» **Exercise**: Needed from the data below: every line from the one with "S/L ОГ (А-D)" up to and including the one with "Nicely updated manufactured", repeated exactly and with nothing else.

» **Records for processing**:
'''
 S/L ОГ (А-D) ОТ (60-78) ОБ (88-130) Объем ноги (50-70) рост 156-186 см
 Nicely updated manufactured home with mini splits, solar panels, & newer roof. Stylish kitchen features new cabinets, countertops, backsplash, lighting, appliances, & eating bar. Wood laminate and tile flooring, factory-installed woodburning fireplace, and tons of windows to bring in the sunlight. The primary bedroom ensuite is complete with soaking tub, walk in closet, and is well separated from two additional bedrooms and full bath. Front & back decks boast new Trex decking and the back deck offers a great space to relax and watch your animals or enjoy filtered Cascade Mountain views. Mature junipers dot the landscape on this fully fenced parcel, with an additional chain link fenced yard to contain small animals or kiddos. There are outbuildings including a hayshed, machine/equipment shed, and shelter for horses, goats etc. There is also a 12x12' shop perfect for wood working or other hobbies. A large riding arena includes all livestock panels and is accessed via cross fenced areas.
'''
'''
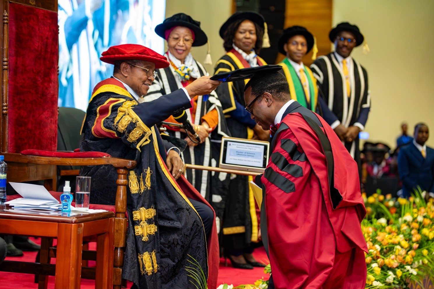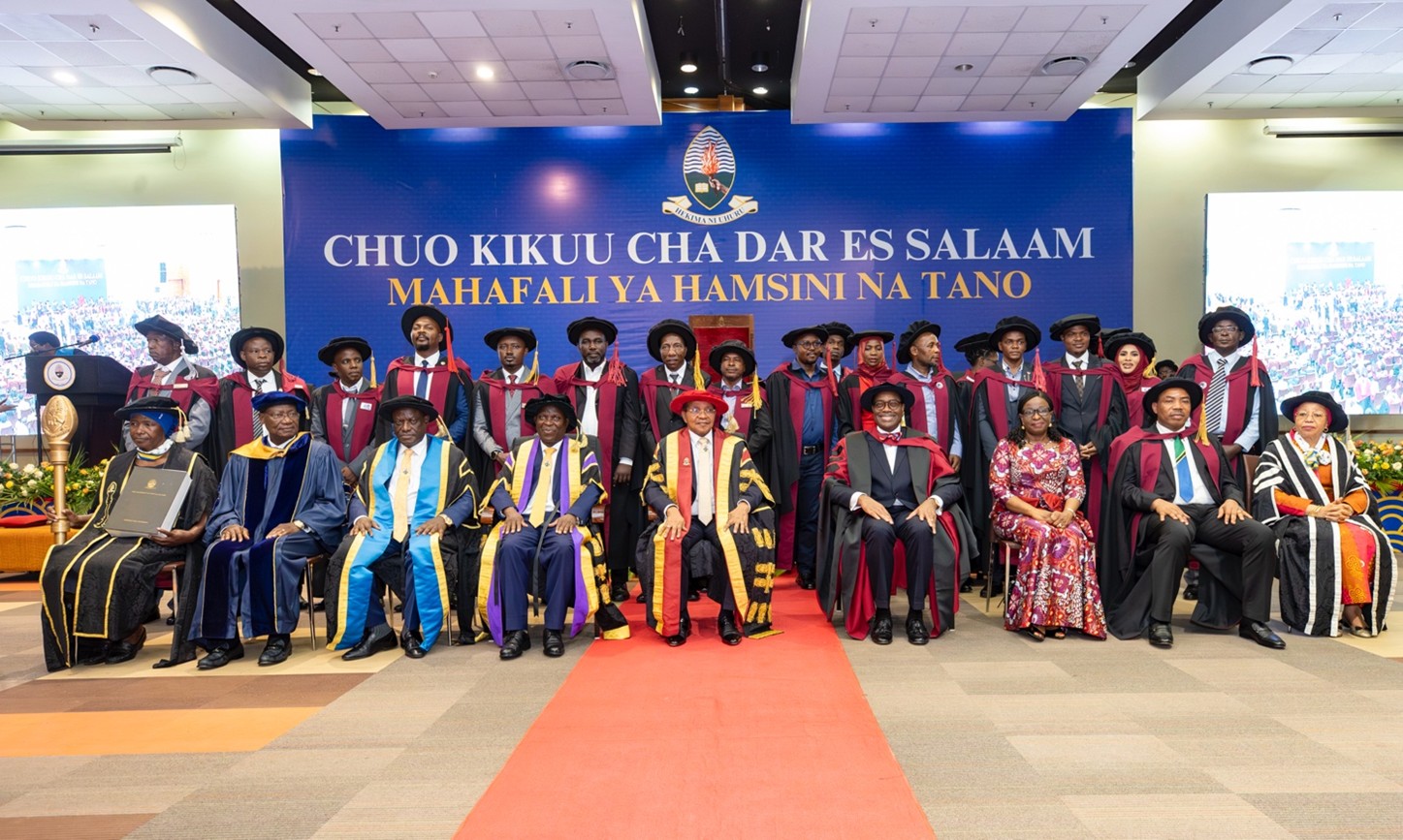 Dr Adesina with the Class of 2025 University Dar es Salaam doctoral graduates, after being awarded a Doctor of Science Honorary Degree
'''
» **Answer to the exercise**:
 S/L ОГ (А-D) ОТ (60-78) ОБ (88-130) Объем ноги (50-70) рост 156-186 см
 Nicely updated manufactured home with mini splits, solar panels, & newer roof. Stylish kitchen features new cabinets, countertops, backsplash, lighting, appliances, & eating bar. Wood laminate and tile flooring, factory-installed woodburning fireplace, and tons of windows to bring in the sunlight. The primary bedroom ensuite is complete with soaking tub, walk in closet, and is well separated from two additional bedrooms and full bath. Front & back decks boast new Trex decking and the back deck offers a great space to relax and watch your animals or enjoy filtered Cascade Mountain views. Mature junipers dot the landscape on this fully fenced parcel, with an additional chain link fenced yard to contain small animals or kiddos. There are outbuildings including a hayshed, machine/equipment shed, and shelter for horses, goats etc. There is also a 12x12' shop perfect for wood working or other hobbies. A large riding arena includes all livestock panels and is accessed via cross fenced areas.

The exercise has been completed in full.